What you need to do: Write out the entries exactly. None of the pictures should appear in the copy.

[Dataset items]
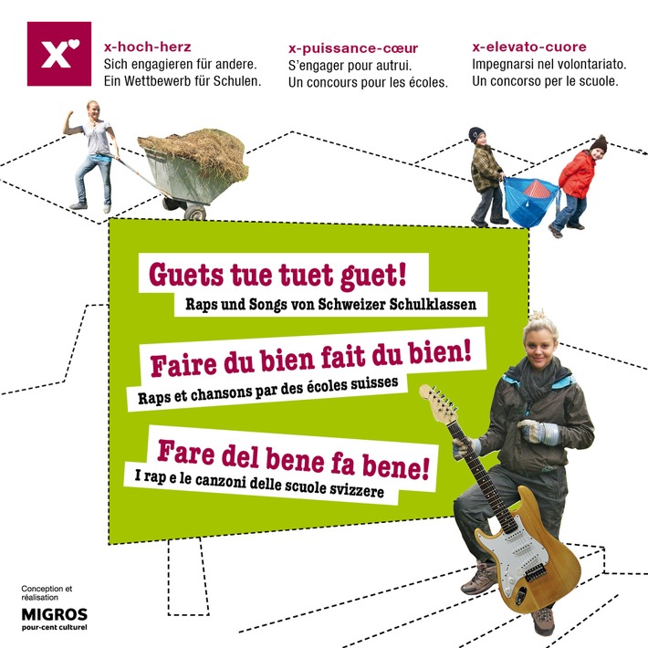 Mit seinem nationalen Schulwettbewerb x-hoch-herz 2012/2013 hat das Migros-Kulturprozent Schülerinnen und Schüler aus der Volksschule aufgefordert Songtexte zu Thema "Guets tue tuet guet!" zu schreiben. Schülerinnen und Schüler aus der ganzen Schweiz haben insgesamt 500 Raps und Songs eingereicht. Mit den Texten motivieren sie andere dazu, Gutes zu tun. Die prämierten fünfzehn Songs sind nun auf einer CD erschienen und können unter www.xhochherz.ch angehört werden.
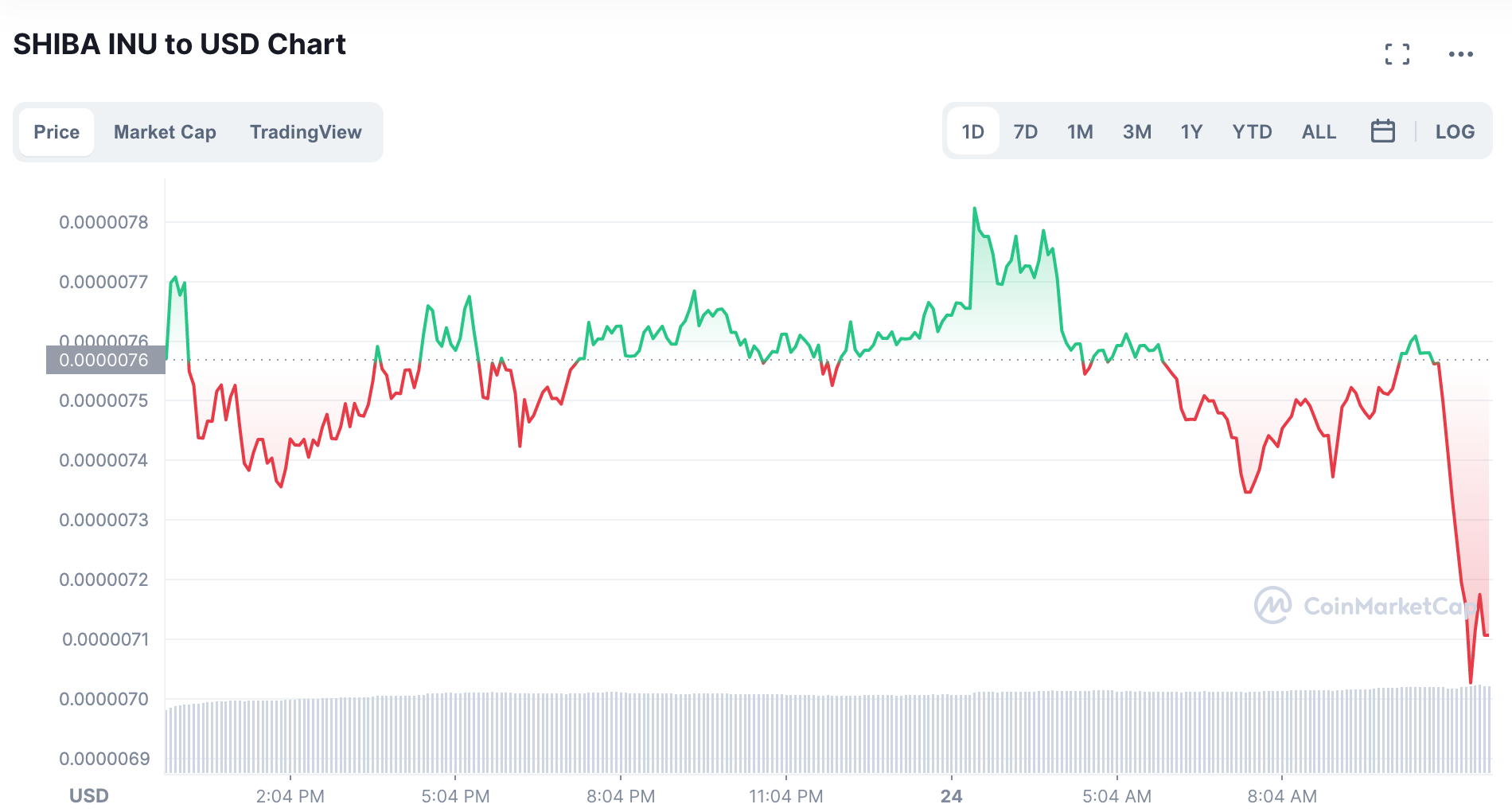 El precio del token de la criptomoneda meme parece haber respondido ante la noticia con una caída, aunque cabe recalcar que entra dentro del espectro normal de volatilidad a la que sus inversores están acostumbrados.
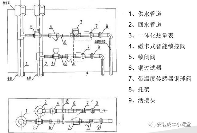 樓內(nèi)采暖立管主要包括管道(多為鍍鋅鋼管)、保溫、鎖閉閥、過(guò)濾器、測(cè)溫球閥、熱計(jì)量表等附件。采暖立管造價(jià)一般25-30元/建筑面積(不含熱計(jì)量表),熱計(jì)量表按戶數(shù)單獨(dú)計(jì)算。
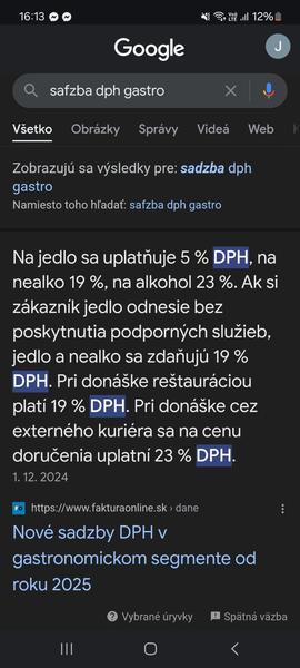 @veronka1996 vlastniť restiku je radosť. Kamoška je účtovníčka a bola na školení- znížená DPH sa vzťahuje iba na jedlo ktoré sa zje pekne zo skla v restike... akonáhle sa jedlo predá v jednorazovom obale už je to donaska a na tu sa znížená DPH nevzťahuje. Hovorila ze je rada ze neúčtuje žiadnu restiku lebo by ju piclo z toho Kocúrkova.
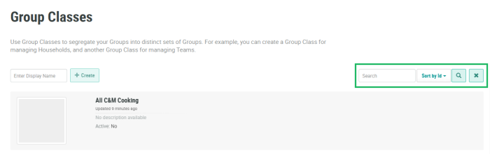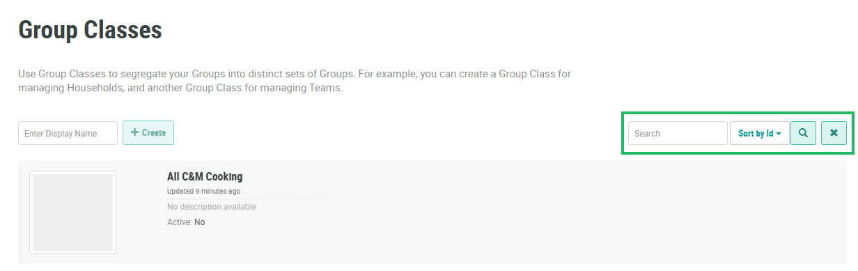 The search feature on the Group Classes screen allows you to search for a specified text string anywhere within the Display Name and Internal Name. Optionally, in the Search field, enter the desired text string. Click the Search icon. The screen is refreshed to show only the Group Classes that meet your search criteria.
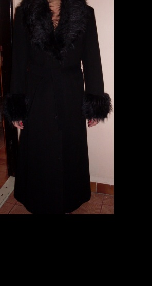 Prodávám mamince černý dlouhý kabát s chlupem okolo výstřihu, rukávů a v pase na zavazování. Měla ho na sobě snad maximálně dvakrát, takže je v naprosto perfektním stavu.
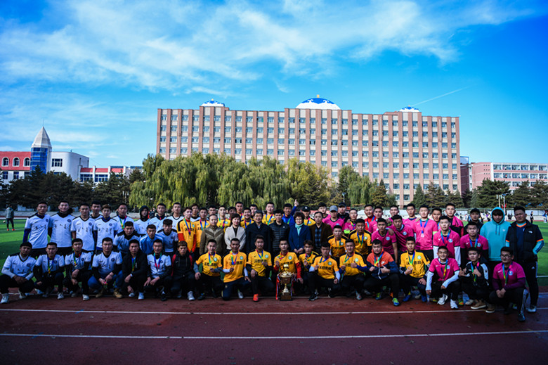 本届“白马杯”足球赛,各二级学院积极组织参赛,历经一个半月的角逐,经过37场的赛事比拼,最终由经济管理学院和新闻传媒学院突出重围,经受住小组赛和淘汰赛的重重考验,站在了决赛现场。随着哨声的响起,球员们迅速进入了状态。比赛过程精彩纷呈,既有短传渗透、整体推进,又有防守反击、长传冲吊。赛场上,球员们激战正酣,你拼我抢;赛场外,观众们呐喊助威,心潮澎湃,校园里充满了青春和活力。经过90分钟激战,最终经济管理学院以5:1战胜了新闻传媒学院,夺得了本届“白马杯”足球比赛的冠军,新闻传媒学院获得亚军,体育学院获得季军。校党委副书记胡春梅,党委委员、副校长阿拉坦仓,团委副书记苏伦高娃,体育学院副院长乌日根牧仁为冠亚季军球队颁发了奖牌和奖杯。
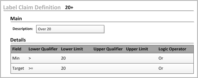 The Min column value is less than 20. The rule, that is associated with this Label Claim Definition, passes because the Target column value exceeds 20. When you specify OR as the Logic Operator, the criteria for at least one of the columns (i.e., Min or Target) must pass.
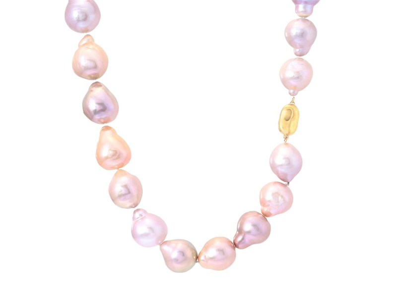 PÄRLCOLLIER, odlade sötvattenspärlor, rosa och lila toner, ovala till barocka ca 15,0 mm, lås i silver och gulmetall, längd ca 45 cm, vikt ca 130,0 g.
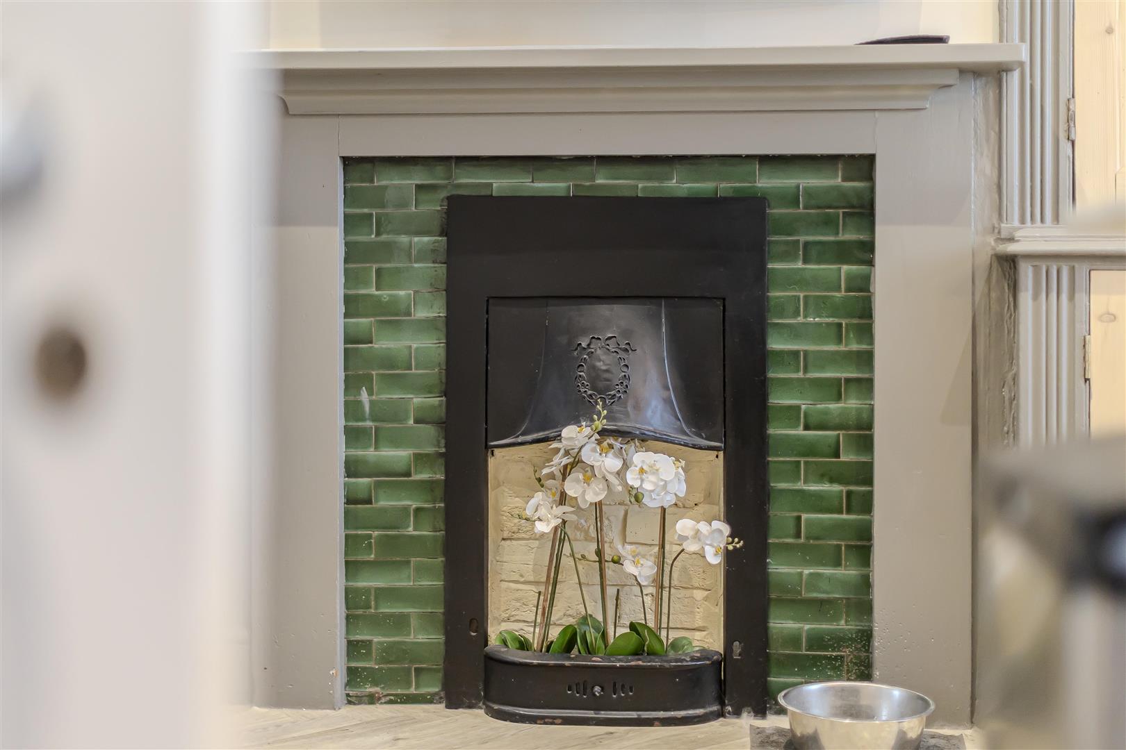 Fitted with an extensive range of wall and base units with quartz work surfaces over incorporating a four ring induction hob and a 'Blanco' stainless steel sink unit with boiling mixer tap. Integrated double electric oven, coffee machine, dishwasher and fridge freezer. Herringbone style vinyl flooring. Feature fireplace. Radiator. Original window to the rear aspect fitted with shutters. Ceiling light and spotlights.
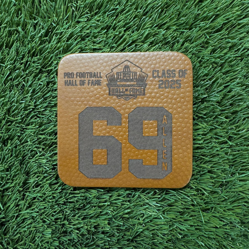 The single Leather Player Coaster features an induction year, last name, and number of your favorite Hall of Famer. Perfect for game day drinks and team spirit, coasters are approximately 4" wide and 4" long. Mix and match to collect all your favorite Hall of Famers. All coasters are made from 100% English Bridle leather, hand embossed replica football dimples, and made in Canton, Ohio by Game Day Feels.
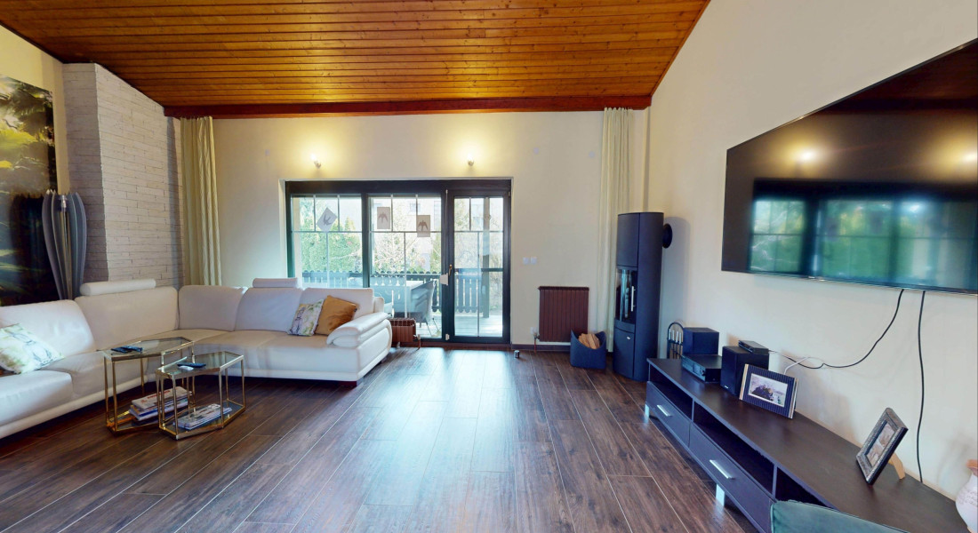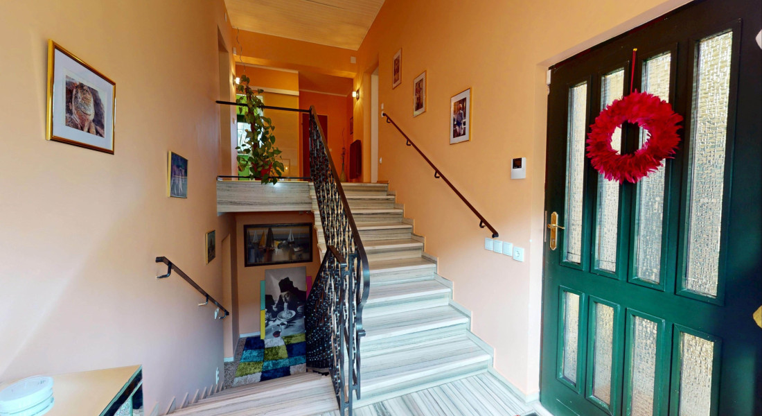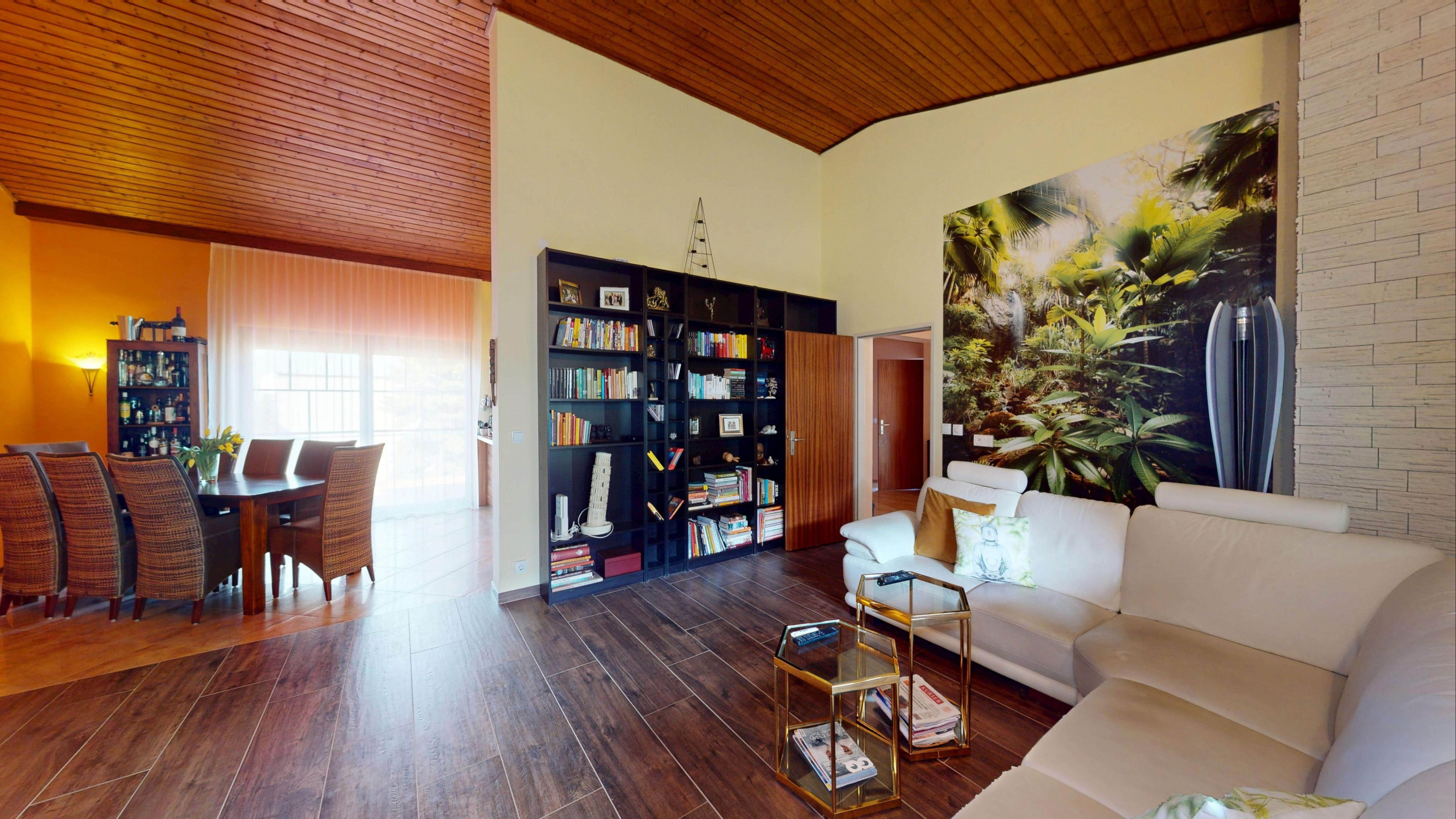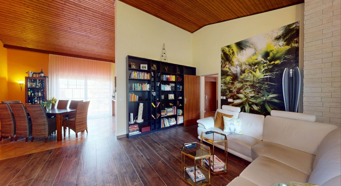Cez vstupnú halu sa dostanete do pôsobivej obývacej izby so stropmi vysokými viac ako 3 metre, ktoré vytvárajú vzdušný a otvorený priestor.
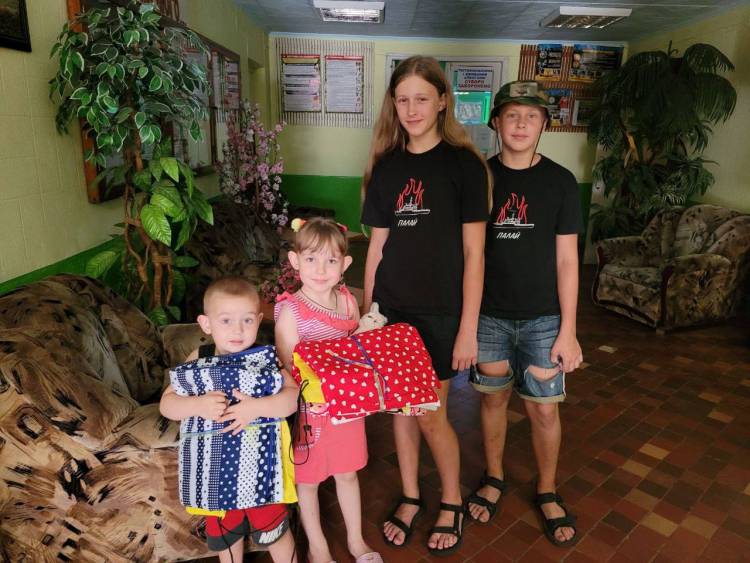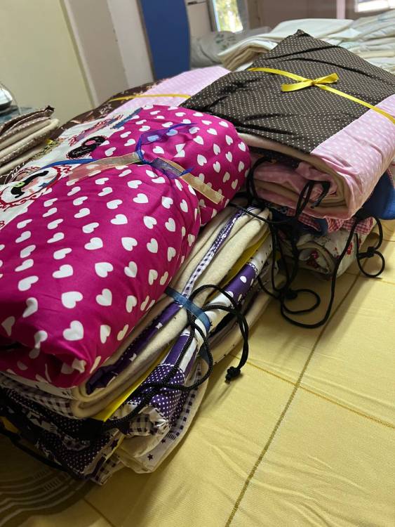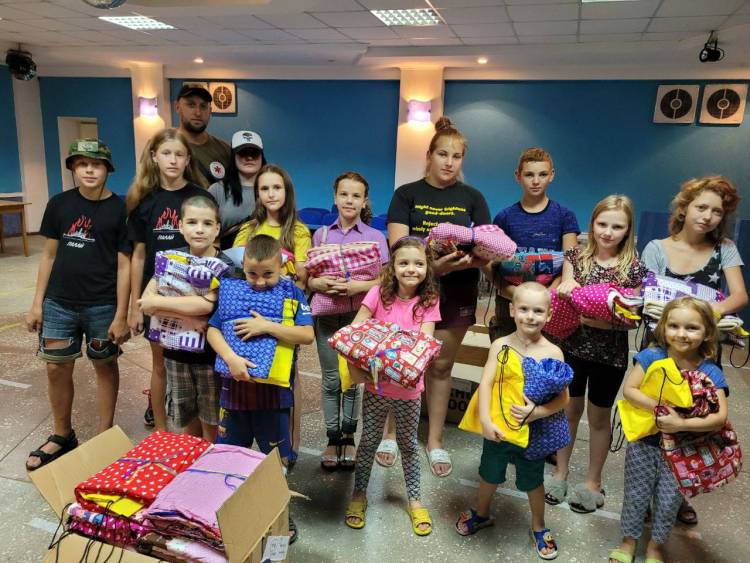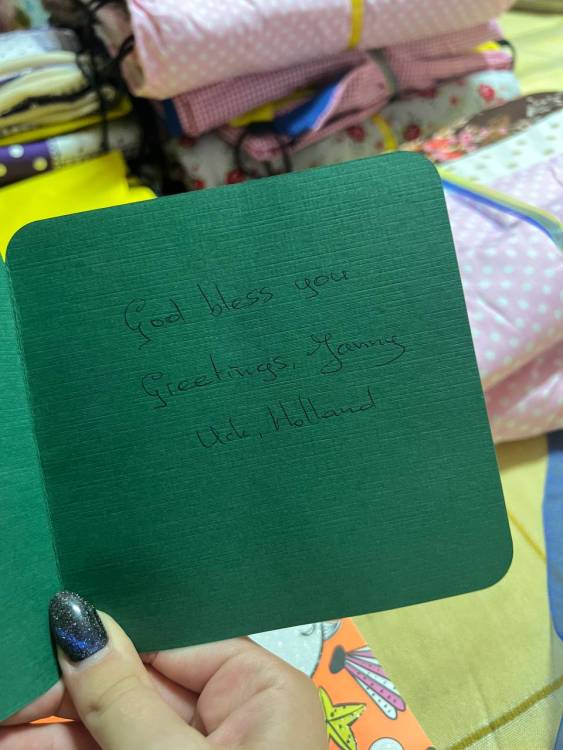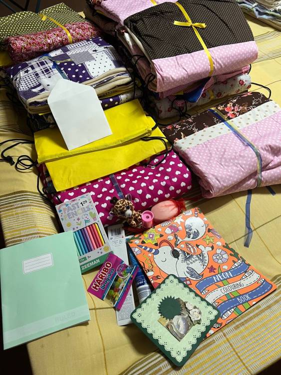 Комплекти для малечі складаються з найпотрібніших речей: зубної пасти, мила, пледів, а також фломастерів з розмальовками та солодощів. Всі комплекти від наших друзів з Нідерландів перев’язані синьо-жовтими стрічкам і у кожному з них всередині листівка з побажанням: «Боже, благослови Вас»
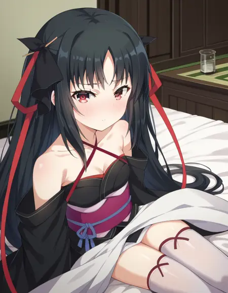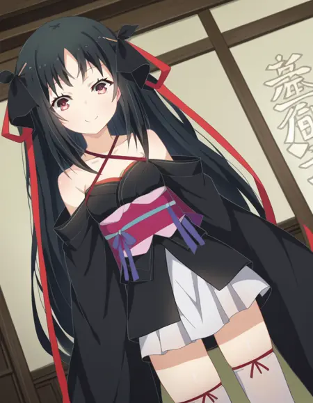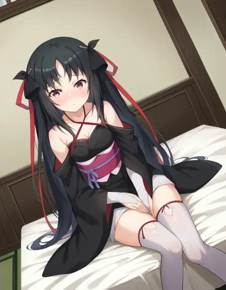 허벅지까지 올라오는 양말, 어깨 노출, 분리된 소매, 일본 복장, 기모노, 띠, 오비,

Response:
 Mit seinem nationalen Schulwettbewerb x-hoch-herz 2012/2013 hat das Migros-Kulturprozent Schülerinnen und Schüler aus der Volksschule aufgefordert Songtexte zu Thema "Guets tue tuet guet!" zu schreiben. Schülerinnen und Schüler aus der ganzen Schweiz haben insgesamt 500 Raps und Songs eingereicht. Mit den Texten motivieren sie andere dazu, Gutes zu tun. Die prämierten fünfzehn Songs sind nun auf einer CD erschienen und können unter www.xhochherz.ch angehört werden.
 El precio del token de la criptomoneda meme parece haber respondido ante la noticia con una caída, aunque cabe recalcar que entra dentro del espectro normal de volatilidad a la que sus inversores están acostumbrados.
 樓內(nèi)采暖立管主要包括管道(多為鍍鋅鋼管)、保溫、鎖閉閥、過(guò)濾器、測(cè)溫球閥、熱計(jì)量表等附件。采暖立管造價(jià)一般25-30元/建筑面積(不含熱計(jì)量表),熱計(jì)量表按戶數(shù)單獨(dú)計(jì)算。
 @veronka1996 vlastniť restiku je radosť. Kamoška je účtovníčka a bola na školení- znížená DPH sa vzťahuje iba na jedlo ktoré sa zje pekne zo skla v restike... akonáhle sa jedlo predá v jednorazovom obale už je to donaska a na tu sa znížená DPH nevzťahuje. Hovorila ze je rada ze neúčtuje žiadnu restiku lebo by ju piclo z toho Kocúrkova.
 The search feature on the Group Classes screen allows you to search for a specified text string anywhere within the Display Name and Internal Name. Optionally, in the Search field, enter the desired text string. Click the Search icon. The screen is refreshed to show only the Group Classes that meet your search criteria.
 Prodávám mamince černý dlouhý kabát s chlupem okolo výstřihu, rukávů a v pase na zavazování. Měla ho na sobě snad maximálně dvakrát, takže je v naprosto perfektním stavu.
 本届“白马杯”足球赛,各二级学院积极组织参赛,历经一个半月的角逐,经过37场的赛事比拼,最终由经济管理学院和新闻传媒学院突出重围,经受住小组赛和淘汰赛的重重考验,站在了决赛现场。随着哨声的响起,球员们迅速进入了状态。比赛过程精彩纷呈,既有短传渗透、整体推进,又有防守反击、长传冲吊。赛场上,球员们激战正酣,你拼我抢;赛场外,观众们呐喊助威,心潮澎湃,校园里充满了青春和活力。经过90分钟激战,最终经济管理学院以5:1战胜了新闻传媒学院,夺得了本届“白马杯”足球比赛的冠军,新闻传媒学院获得亚军,体育学院获得季军。校党委副书记胡春梅,党委委员、副校长阿拉坦仓,团委副书记苏伦高娃,体育学院副院长乌日根牧仁为冠亚季军球队颁发了奖牌和奖杯。
 The Min column value is less than 20. The rule, that is associated with this Label Claim Definition, passes because the Target column value exceeds 20. When you specify OR as the Logic Operator, the criteria for at least one of the columns (i.e., Min or Target) must pass.
 PÄRLCOLLIER, odlade sötvattenspärlor, rosa och lila toner, ovala till barocka ca 15,0 mm, lås i silver och gulmetall, längd ca 45 cm, vikt ca 130,0 g.
 Fitted with an extensive range of wall and base units with quartz work surfaces over incorporating a four ring induction hob and a 'Blanco' stainless steel sink unit with boiling mixer tap. Integrated double electric oven, coffee machine, dishwasher and fridge freezer. Herringbone style vinyl flooring. Feature fireplace. Radiator. Original window to the rear aspect fitted with shutters. Ceiling light and spotlights.
 The single Leather Player Coaster features an induction year, last name, and number of your favorite Hall of Famer. Perfect for game day drinks and team spirit, coasters are approximately 4" wide and 4" long. Mix and match to collect all your favorite Hall of Famers. All coasters are made from 100% English Bridle leather, hand embossed replica football dimples, and made in Canton, Ohio by Game Day Feels.
Cez vstupnú halu sa dostanete do pôsobivej obývacej izby so stropmi vysokými viac ako 3 metre, ktoré vytvárajú vzdušný a otvorený priestor.
 Комплекти для малечі складаються з найпотрібніших речей: зубної пасти, мила, пледів, а також фломастерів з розмальовками та солодощів. Всі комплекти від наших друзів з Нідерландів перев’язані синьо-жовтими стрічкам і у кожному з них всередині листівка з побажанням: «Боже, благослови Вас»
 허벅지까지 올라오는 양말, 어깨 노출, 분리된 소매, 일본 복장, 기모노, 띠, 오비,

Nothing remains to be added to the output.